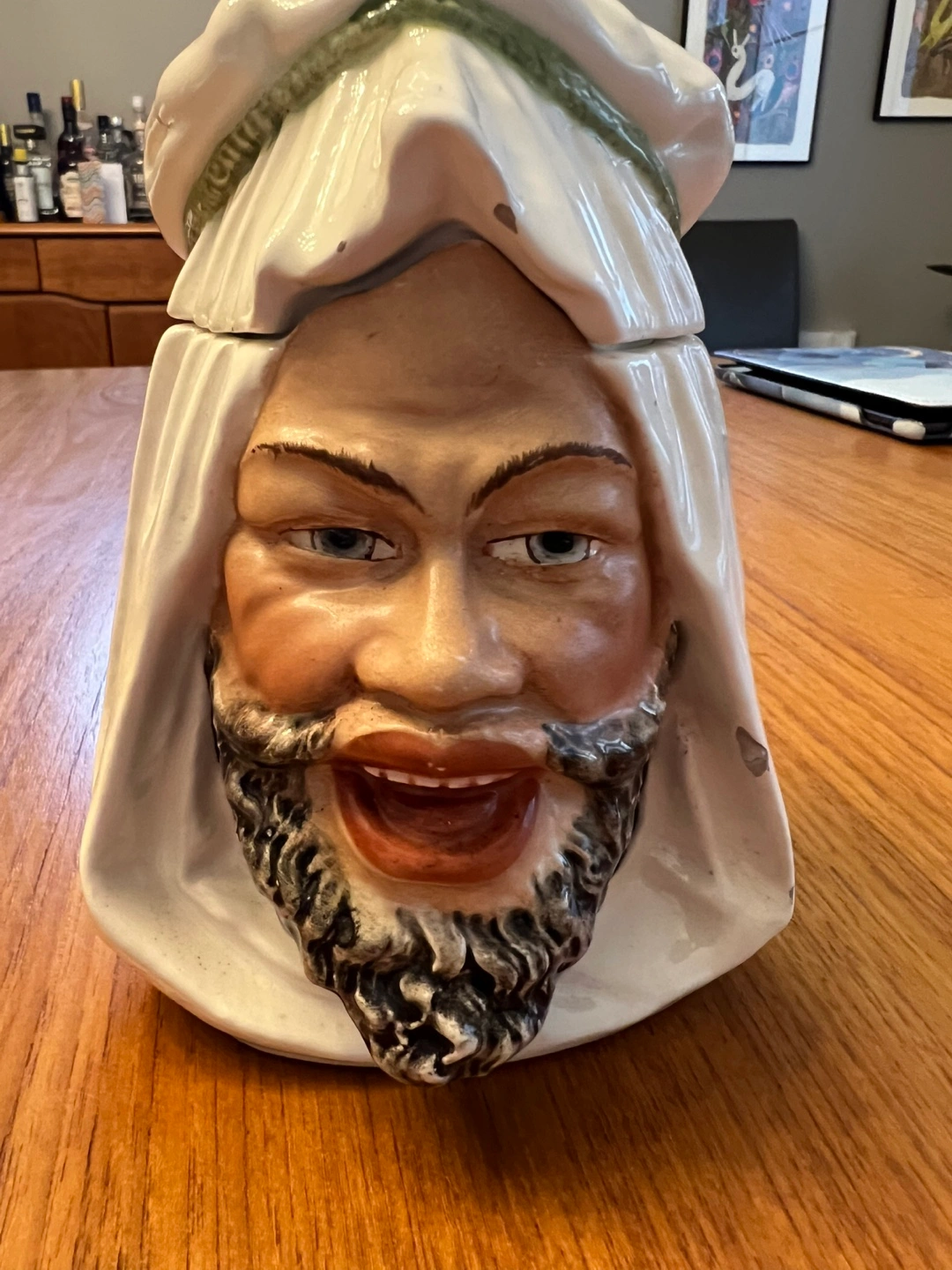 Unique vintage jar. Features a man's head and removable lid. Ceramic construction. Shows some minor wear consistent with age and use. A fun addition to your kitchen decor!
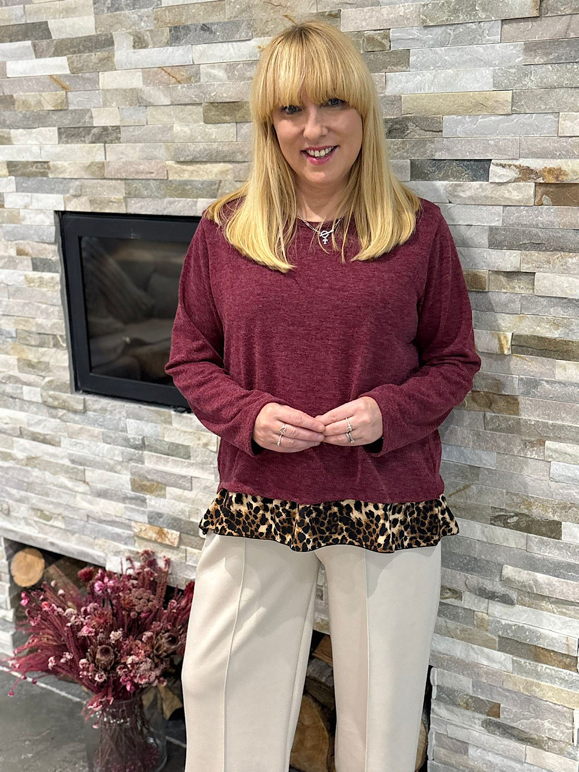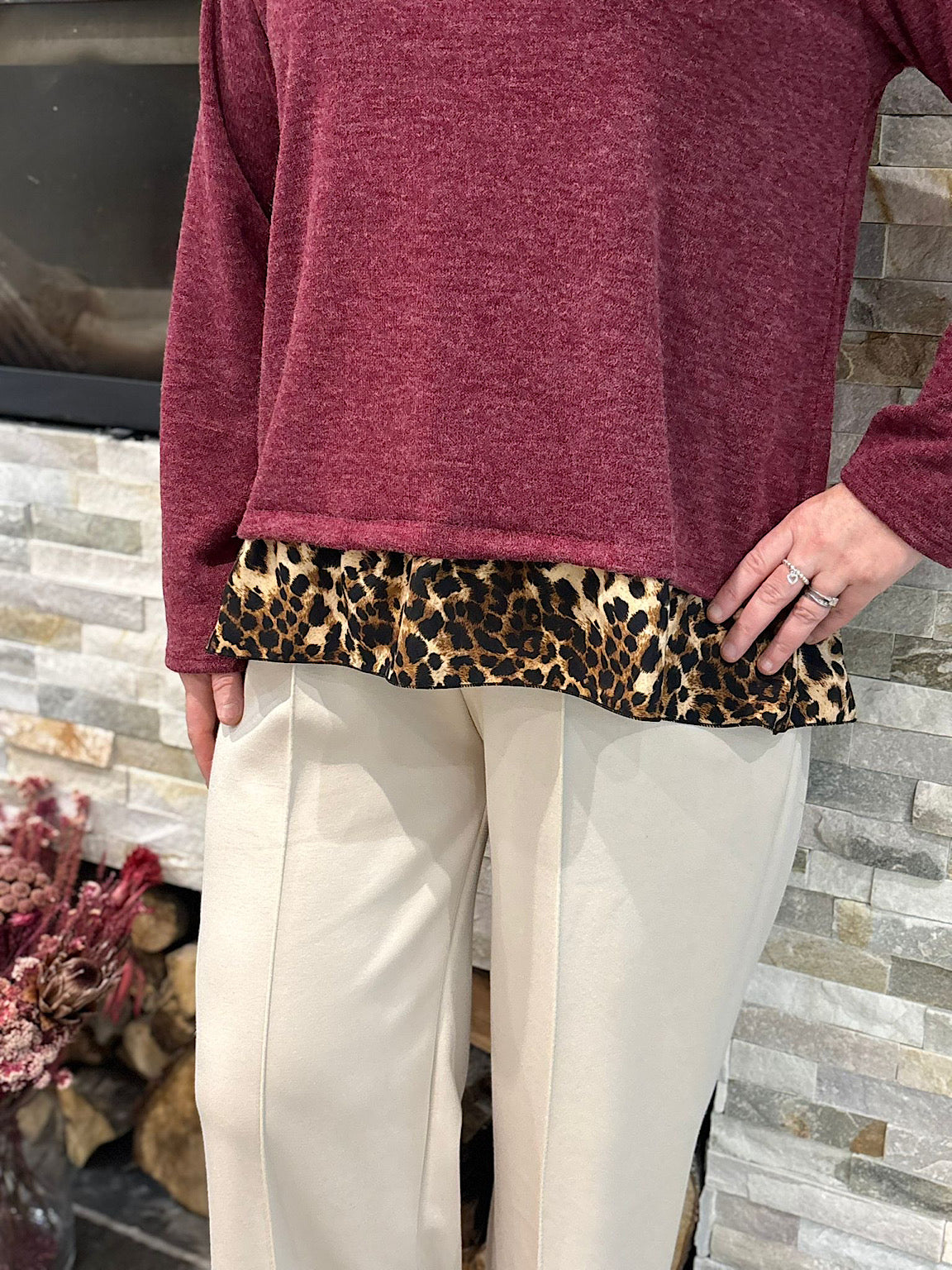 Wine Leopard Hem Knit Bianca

───

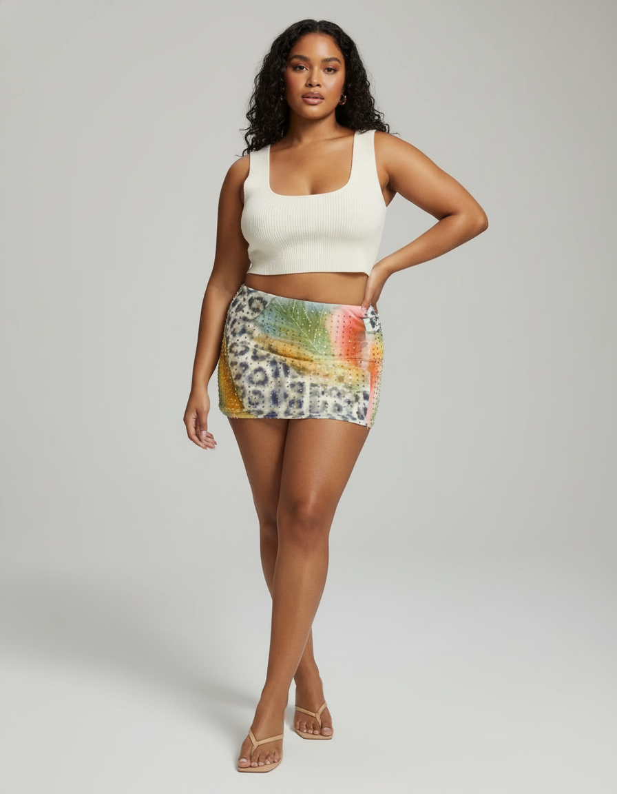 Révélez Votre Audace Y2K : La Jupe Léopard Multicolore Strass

───

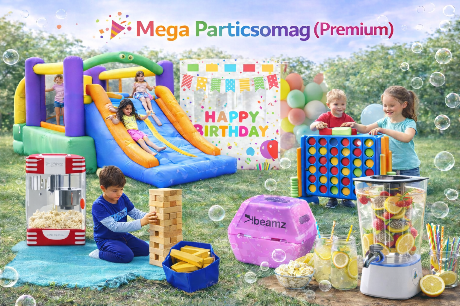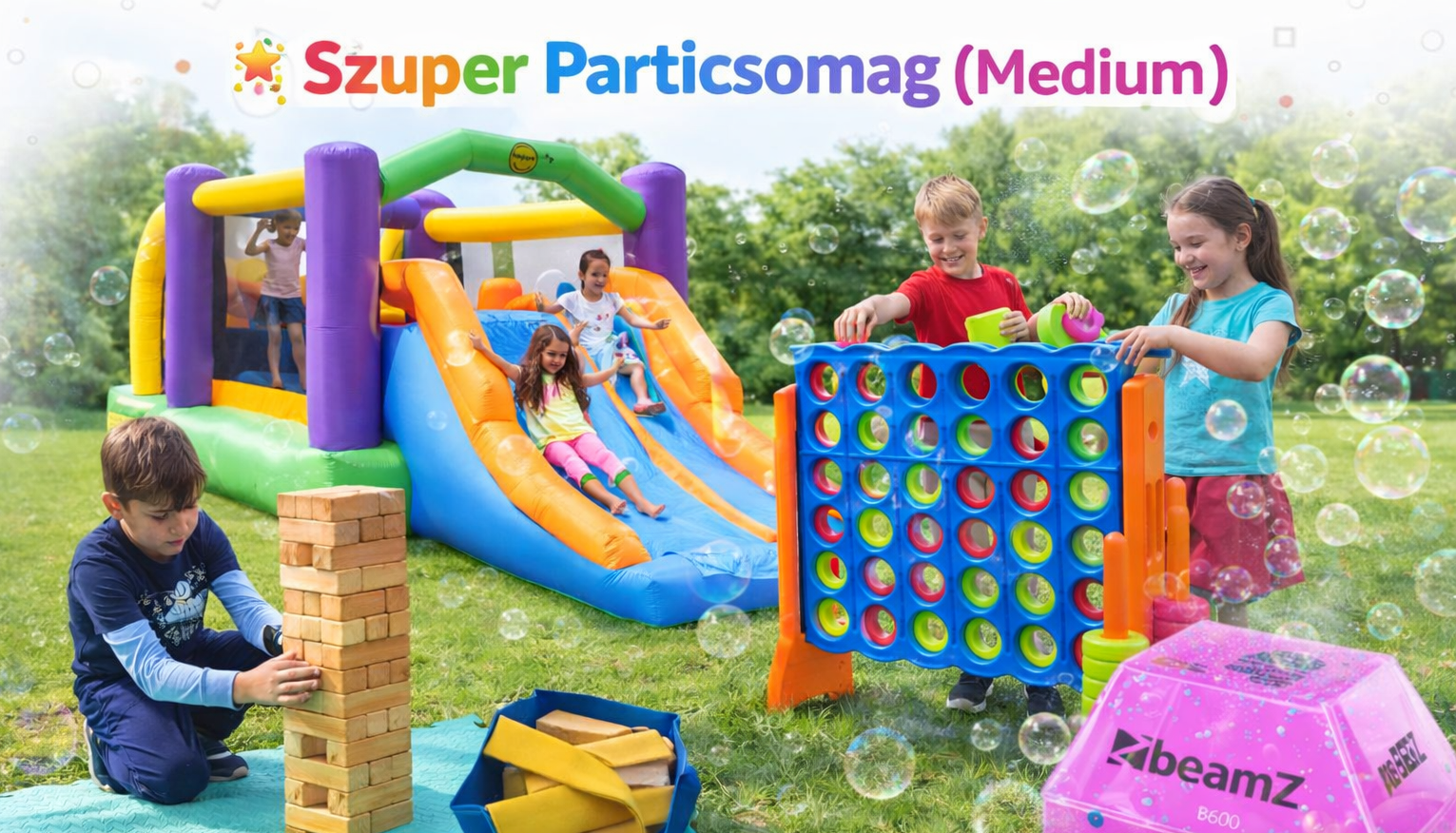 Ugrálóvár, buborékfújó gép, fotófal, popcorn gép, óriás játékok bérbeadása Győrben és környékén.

───

▶ **EXERCISE BRIEF**
Everything from the line with "Unique vintage jar." down to the line with "Wine Leopard Hem Knit Bianca" in the data above should be copied exactly, with both end lines kept and the pictures left out.

▶ **EXERCISE SOLUTION**
 Unique vintage jar. Features a man's head and removable lid. Ceramic construction. Shows some minor wear consistent with age and use. A fun addition to your kitchen decor!
 Wine Leopard Hem Knit Bianca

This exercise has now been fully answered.